2014 studio album by Ian Anderson

Homo Erraticus is the sixth studio album by British progressive rock musician Ian Anderson, who is also the frontman of Jethro Tull. Released on 14 April 2014, Homo Erraticus is a concept album, loosely connected to Jethro Tull's Thick as a Brick (1972) and Anderson's Thick as a Brick 2 (2012), since it again credits the lyrics to the fictional character Gerald Bostock.

The album was released in four formats: as a double vinyl, a single CD, a CD + DVD collection, and an Amazon.com exclusive box set edition, containing the album on CD as well as three bonus discs.

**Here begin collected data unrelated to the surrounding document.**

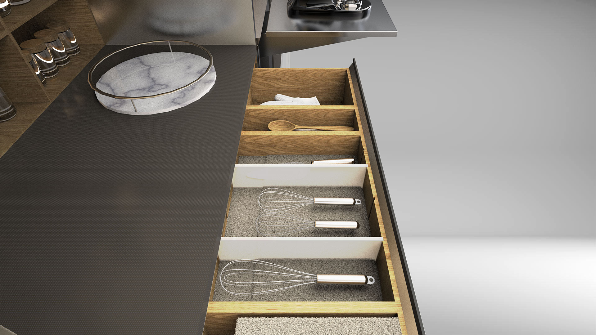 - 隱藏式按壓收納櫃:櫃體下方的收納系統將瓶瓶罐罐、刀叉筷匙都歸納於內,並以按壓式設計美化視覺。
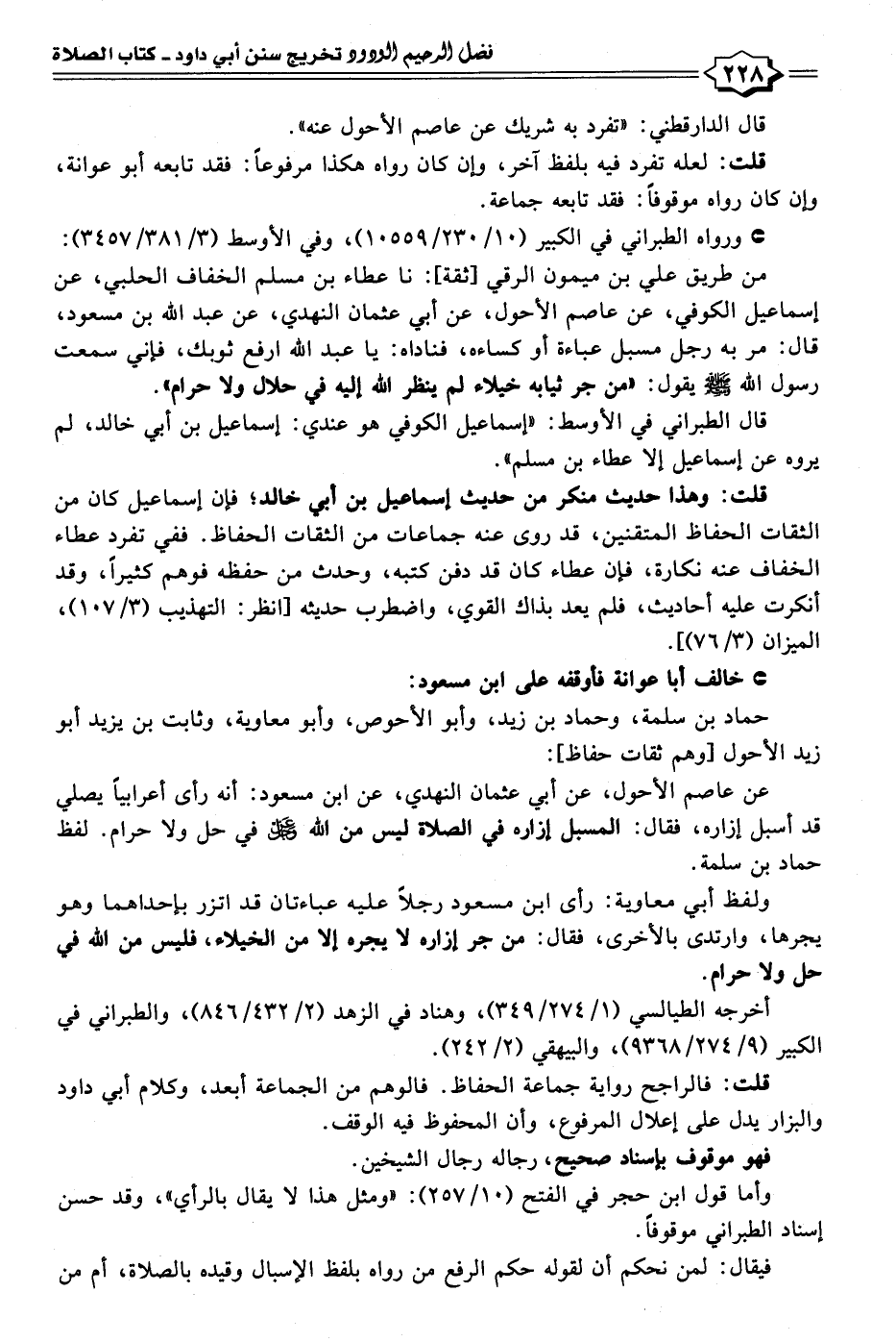 عن عاصم الأحول، عن أبي عثمان النهدي، عن ابن مسعود: أنه رأى أعرابيًّا يصلي قد أسبل إزاره، فقال: المسبل إزاره في الصلاة ليس من الله عز وجل في حل ولا حرام. لفظ حماد بن سلمة.
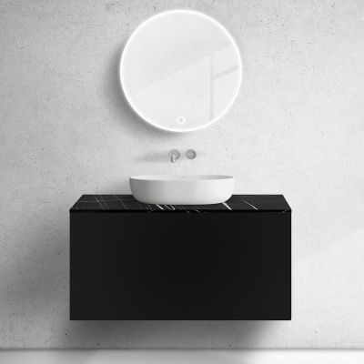 Zestaw Oltens Lun szafka podumywalkowa 100 cm wisząca z blatem Tera czarny mat/czarny marmur 68704300
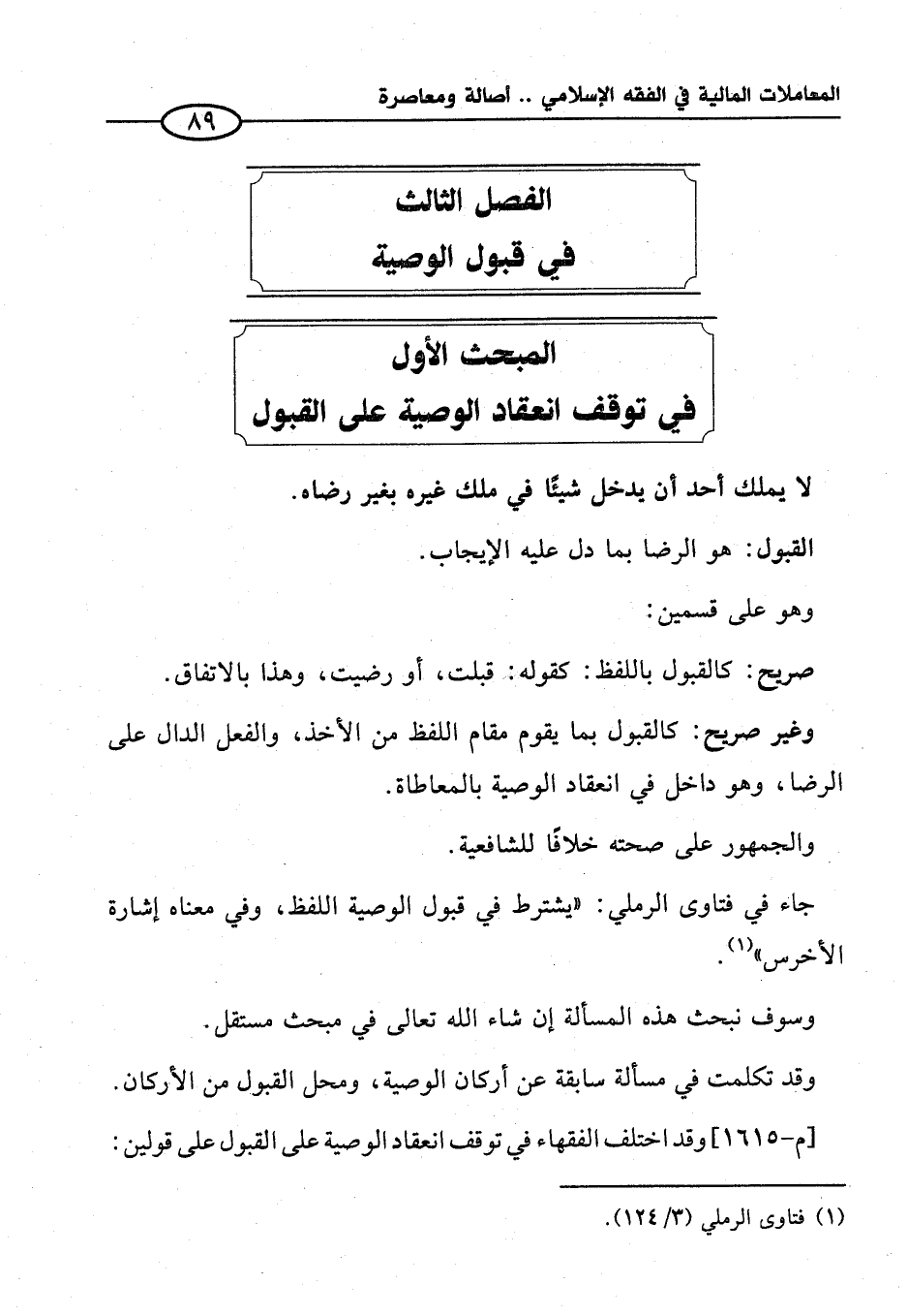 المبحث الأول في توقف انعقاد الوصية على القبول

Anderson and his band embarked on a promotional tour of the album, in which they performed the entire album for the first half of each show, and the best of Jethro Tull for the second half.

==Musical style==
Homo Erraticus is a progressive rock album which, according to Anderson, blends folk and medieval as well as heavy metal music styles. Stephen Thomas Erlewine of AllMusic called the album "as close to 1970s progressive rock as is possible in 2014".

==Concept==
The phrase Homo Erraticus is Latin for "wandering man", and the concept for the album builds tangentially upon the fictional narrative of Ian Anderson's recurring character Gerald Bostock, a literary child prodigy. Details of the album's fictional story are provided, but also slightly contradicted, by two official sources: the Jethro Tull website and the album's own promotional website.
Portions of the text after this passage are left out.